Problem requirements>
Please give back all the records exactly, but keep the pictures out.

⟨

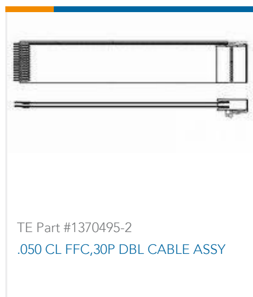
TE Part #1370495-2 .050 CL FFC,30P DBL CABLE ASSY
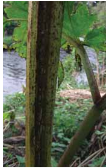
Giant hogweed stem
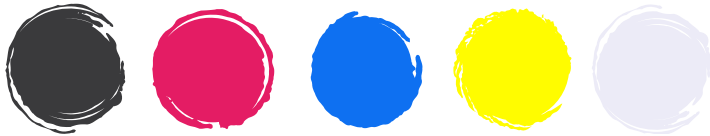
BLACK MAGENTA COBALT BLUE CHROME YELLOW WHITE
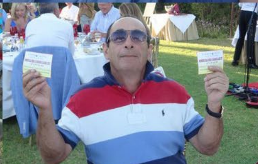
Gala Week Gala Dinner
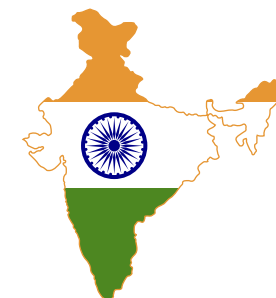
INDIA & SUBCONTINENT
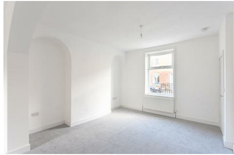
GROUND FLOOR 437 sq.ft. (40.6 sq.m.) approx.

IMPORTANT NOTE: These particulars and the descriptions and measurements herein do not constitute representation and whilst every effort has been made to ensure accuracy, this cannot be guaranteed.

⟩

Answer to this problem>
TE Part #1370495-2 .050 CL FFC,30P DBL CABLE ASSY
Giant hogweed stem
BLACK MAGENTA COBALT BLUE CHROME YELLOW WHITE
Gala Week Gala Dinner
INDIA & SUBCONTINENT
GROUND FLOOR 437 sq.ft. (40.6 sq.m.) approx.

IMPORTANT NOTE: These particulars and the descriptions and measurements herein do not constitute representation and whilst every effort has been made to ensure accuracy, this cannot be guaranteed.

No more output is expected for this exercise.